EXERCISE GOAL — In the data below, the copy begins at the line containing "薄井望実さんの総運は47画の5点!" and runs through the last line; repeat those lines exactly, minus the pictures.
═════ GIVEN INFORMATION
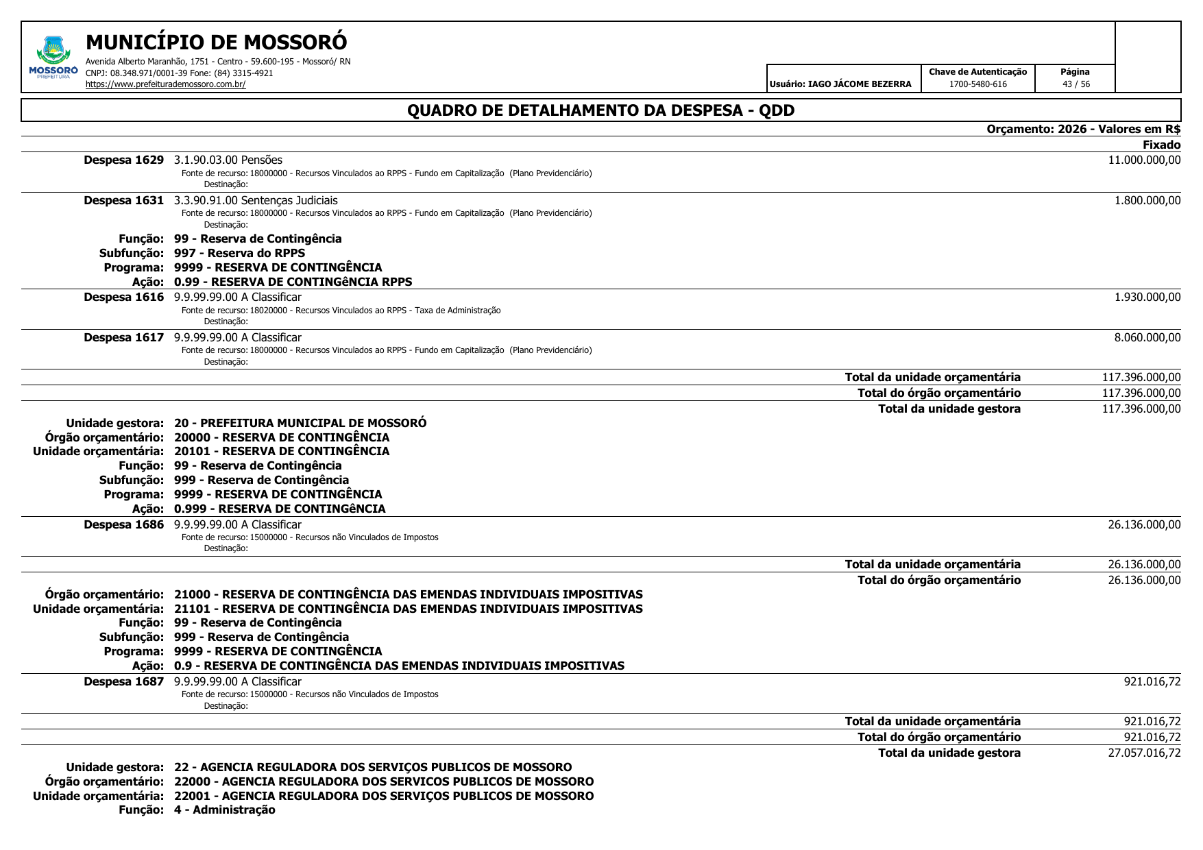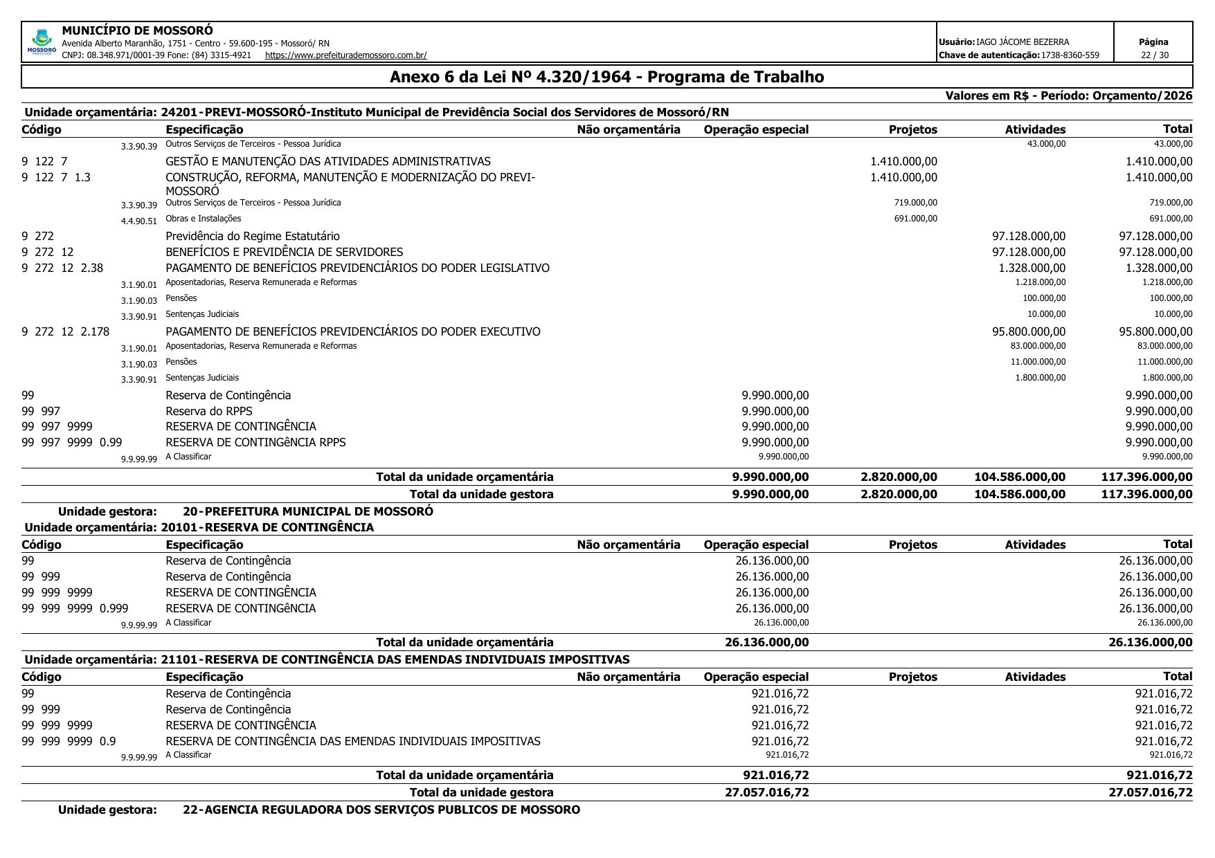 Parágrafo único. A Reserva de Contingência das Emendas Individuais Impositivas, de que trata o inciso I deste artigo, é definida com base na Receita Corrente Líquida - RCL, prevista para o exercício de 2026, no montante de R$ 15.682.000,00 (quinze milhões seiscentos e oitenta e dois mil reais) em observância ao disposto no art. 30 da Lei n° 4.203, de 2025, que define as Diretrizes Orçamentárias do Município de Mossoró para o exercício de 2026.
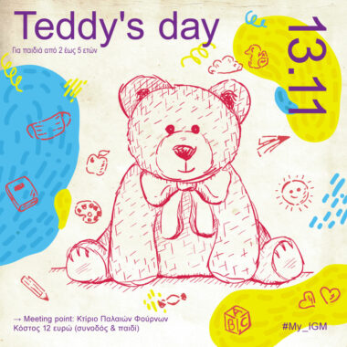 Η αγαπημένη δράση των μικρών μας φίλων επιστρέφει! Την Κυριακή 13 Νοεμβρίου, η ομάδα του Βιομηχανικού Μουσείου Φωταερίου διοργανώνει ένα απίθανο Teddy’s day, προσκαλώντας οικογένειες με παιδιά 2 έως 5 ετών και τα αγαπημένα τους teddies (λούτρινα ζωάκια, αρκουδάκια, χελωνάκια, ψάρια ή ό, τι άλλο μπορείς να φανταστείς) να περάσουν ένα όμορφο κυριακάτικο πρωινό στην Τεχνόπολη Δήμου Αθηναίων.
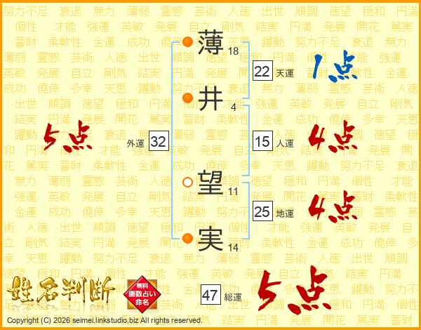 薄井望実さんの総運は47画の5点!
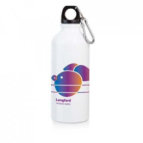 Squeeze para sublimação em alumínio, com mosquetão para fácil transporte. Capacidade até 500 mL. Caixa branca 94656 vendida opcionalmente. Certificação EU Food Grade. ø66 x 210 mm
══════════
WRITTEN ANSWER —
 薄井望実さんの総運は47画の5点!
 Squeeze para sublimação em alumínio, com mosquetão para fácil transporte. Capacidade até 500 mL. Caixa branca 94656 vendida opcionalmente. Certificação EU Food Grade. ø66 x 210 mm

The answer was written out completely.